Ce phénomène mériterait une étude particulière que nous ne pouvons faire en passant. Il suffit à notre but d’en donner quelques exemples.

Observation I. — M… tempérament d’artiste, très imaginatif, n’a pu suivre sa vocation par suite d’une catastrophe financière, a subi en maugréant une carrière administrative. — Sa femme, jolie, suffisamment instruite et intelligente, Sa fille, unique, née sur le tard, douée de facultés intellectuelles et morales très remarquables. À mesure que sa fille avance en âge et en science, M… prend sa femme en pitié, la réduit à un néant qu’elle accepte sans se plaindre, la traite comme une sotte « qui ne comprend rien », comble sa fille de cadeaux, de faveurs, en fait sa compagne assidue, sa confidente intime, quoique celle-ci en souffre pour sa mère qu’elle aime tendrement. Si l’on parle d’un mariage éventuel il entre en fureur : « Quel besoin a-t-elle de se marier ? » C’est comme une jalousie anticipée. La fille avait atteint vingt-cinq ans, quand son père est mort subitement.

Obs. II. — L…, homme nul, ignorant, présomptueux, incapable de tout, esprit faux et maladroit, a végété toute sa vie dans un poste infime. Sa, femme, virile, ambitieuse, intrigante, l’a épousé par nécessité et l’a, durant toute leur vie en commun, accablé de son mépris. — Le fils aîné, esprit sage, pratique, mais très ordinaire, est devenu son idole (au détriment du cadet qui lui est très supérieur en tout et l’a montré). Elle le tient en tutelle, le conduit, le pousse, vent pour lui, en fait son confident et parfois son conseiller, transporte sur lui toutes ses ambitions. Elle lui procure un mariage riche, inespéré. Quinze jours après, jalousie féroce contre sa bru : « une sotte, un mouton bêlant ». Critiques et récriminations incessantes centre elle auprès du mari. Six mois de scènes perpétuelles, rupture complète avec son fils qu’elle accuse d’une noire ingratitude.

Obs. III. C…, marié depuis longtemps, sans enfants, en très bons termes avec sa femme. Survient une jeune parente, inconnue de lui jusqu’alors. Par suite des circonstances, les deux époux sont conduits à la prendre sous leur tutelle. C… parcourt un premier moment où l’attrait sexuel pour la jeune fille dominait. Mais des raisons puissantes les combattent : son affection pour sa femme, la grande différence d’âge, etc. Le sentiment primitif se transforme rapidement en un amour paternel : état final qui dure depuis des années.

Je pourrais continuer cette énumération de faits ; le lecteur en trouvera dans son expérience personnelle, J’omets aussi les formes embryonnaires, très fréquentes : la femme solide qui traite comme un enfant son mari souffreteux ; le mari âgé qui agit de même avec sa très jeune femme ; l’amour demi-sensuel qui devient mystique[8].
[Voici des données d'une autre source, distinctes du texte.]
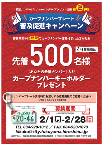 広島県福山市では、今回,更なる普及促進に向け、第2弾となるカープナンバーキーホルダープレゼントキャンペーンを実施します。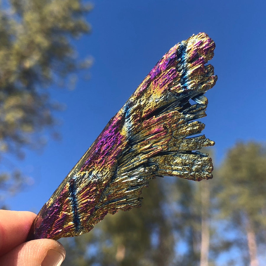WHAT IS RAINBOW PEACOCK KYANITE? Rainbow Peacock Kyanite, also known as Titanium Kyanite, is a captivating fusion of science and nature. This mesmerizing crystal features a coating of titanium over black kyanite, resulting in stunning rainbow colors that resemble fossilized fairy wings. Kyanite is a blue silicate mineral found in metamorphic pegmatites and sedimentary rock, used in various industrial applications. Titanium, a strong and lightweight element, takes its name from Greek mythology. It is present in living organisms, water, rocks, and soil.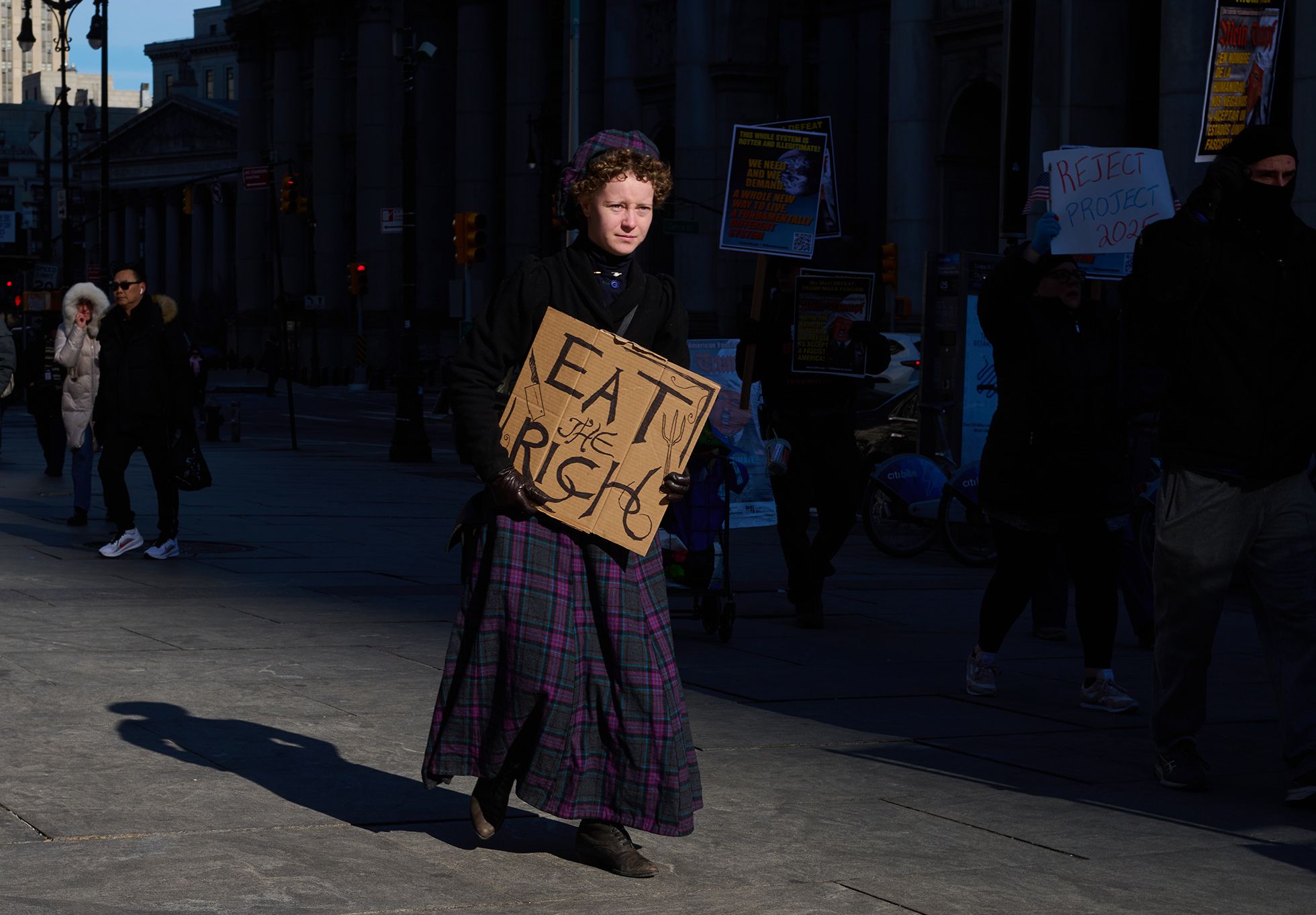 Edna Leshowitz / ZUMA Press Wire / Scanpix / LETA Участница акции в Нью-Йорке с плакатом «Eat The Rich» — лозунгом, популярным среди сторонников анархистских, левых и антикапиталистических движений. Один из его переводов на русский — «Жри буржуев». 5 февраля 2024 года

Ce transformisme psychologique ne peut être que l’œuvre d’un travail intellectuel, en partie conscient. À l’origine, le sentiment normal ; puis un état hybride, des formes de passage aboutissant à la métamorphose finale. Quel rôle peut-on assigner à la logique des sentiments dans cette évolution anormale ? Ici, comme dans tout raisonnement affectif, il y a une fin, un but qui suscite et choisit, à l’exclusion de tous autres, certains jugements de valeur sur les personnes. Cette fin est la conception inconsciente ou inavouée d’un idéal, c’est-à-dire une construction en images appartenant au type que j’ai appelé ailleurs « ébauché » (Imagination créatrice, Conclusion, p. 264). Dans tous les cas que j’ai observés, l’idéal ne s’étant pas réalisé ou s’étant évanoui, une tendance obscure entraînait l’individu à lui donner la vie, à l’incarner là où il rencontrait quelques conditions d’existence. Ainsi une communauté de tempérament, de goûts, d’idées (obs. I et II), une apparence ou imitation d’enfant (obs. III) ; cette opération pourrait s’appeler par substitution. Il faut remarquer que la genèse de ces sentiments hybrides traverse au début une période de lutte entre la forme normale et la forme nouvelle qui doit la supplanter. Le plus souvent, cette phase larvaire se rapproche un peu de l’attrait sexuel ; mais sous l’influence de causes diverses — répugnances instinctives, habitudes et règles morales — il se produit une inhibition partielle ; il ne reste plus qu’un mouvement d’attraction autour duquel la nouvelle cristallisation s’opère peu à peu.

En ce qui concerne le mécanisme du raisonnement, conscient ou non, qui est au fond de ces transformations de sentiments, on peut préciser davantage. L’opération intellectuelle qui les soutient et les dirige est la pensée par analogie : forme inférieure adaptée à une logique inférieure. W. Stern qui, dans une bonne monographie, l’a étudiée en psychologue, dit avec raison « que ce processus négligé par les logiciens est le processus le plus ordinaire de beaucoup pour l’esprit humain »[9]. Aussi, il est naturel qu’il tienne une belle place dans la logique des sentiments qui, nous l’avons vu, est celle des primitifs.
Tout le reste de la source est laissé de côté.